Guy Reed




Euphoria in Ohio

Driving home to New York from the head waters
of the Mississippi after my father's funeral.
I've spent three weeks handling his life and after it.
I'm in his car with the last of his stuff. It's raining like

hissing, screeching yeows and guttural, frothing
ruffs. For miles and hours in this deluge
I'm behind an F350 truck pulling a long empty trailer.
It's nearly all I can see. I'm following his lead

at 75 mph. I'm playing country music
and we're passing everybody. It was overcast,
fog when I left Minnesota yesterday.
The same through Wisconsin.

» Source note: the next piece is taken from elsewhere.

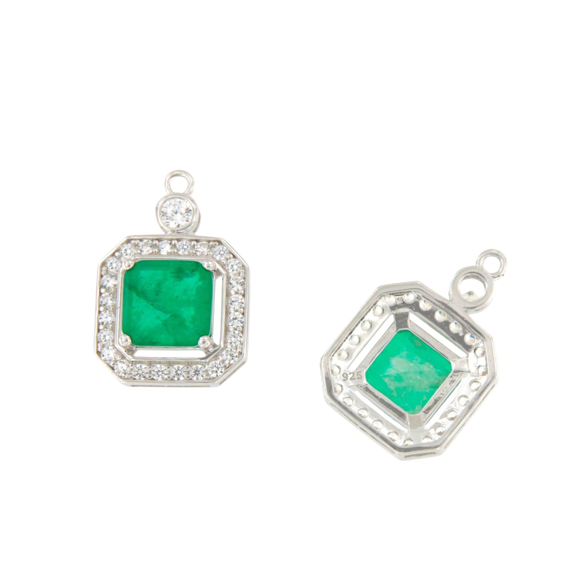 PARIA, son unos colgantes para nuestros pendientes desmontables en plata de ley con un diseño clásico en talla esmeralda. Ideales para quien busque aportar un toque de color a sus pendientes de una forma elegante y llamativa.

Nightfall

through Illinois. It's been raining since I woke up
in Indiana. Now, somewhere in the middle
of Ohio, in the middle of the day, the rain breaks.
The road is high on a plateau- high for Ohio-

overhead the darkest cloud I've ever seen
like the sky was turned off. Oak leaves
float by like damaged butterflies. I've
made this drive a dozen times and nothing

looks familiar. I sit up straight. Suddenly,
I find myself happy to be here, right here in Ohio.
I don't know why; my father is dead,
the sky is ominous, and the music

is about dying young in prison. My friend,
the F350, has slowed slightly. I pull out, pass him
on the left. He pulls in behind me. Now
I'm going to take us through the rest

of this storm, the rest of this state
and the next, all the way to the Atlantic
and the end of life if I have to; I feel that
good. Of that, I am confident.


Conveyance Object 4
                for Ralph Humphrey

The day rises blue,
all blue, nothing else,
filling the space behind and
between things, space
that is not me or you. Space
that appears to be empty, it too
is blue. Other colors become
an end point for our sight: black
birds, red cars, a yellow house, green
hills, brown shoes, gray cement,
and distract us from the veil of blue
sky between even our fingers, our eyelashes,
our parted lips. Blue things like teapots,
dinner plates, bluebirds and mailboxes
double back air and light in resonant waves of blue
becoming electric. When the death ship comes
to collect my soul, I wish to ride
the pure white sails clear into the cobalt blue
that must continue forever, deep,
deep plumb of the depths,
blue behind the blue that is bluer yet,
disappear into that sky full of nothing but itself.


Poetry Fails

It's still enough just for the children to be home
on a Friday evening. Work done. The house,
warm from the oven, smells of baked apples.
I step outdoors into the sweet half-light,
maple trees lit lanterns ablaze with color
and somewhere near overhead I hear the geese
doing their important work. The moonlight
silver on their backs. No medium except body
and soul can stroke all the senses, but yes, happy.


About the Author

Guy Reed is the author of the 2011 poetry chapbook, The Effort To Hold Light (Finishing Line Press). Most recently, he's published 2 poems in the 2015 spring issue of Poetry East (#84 & #85).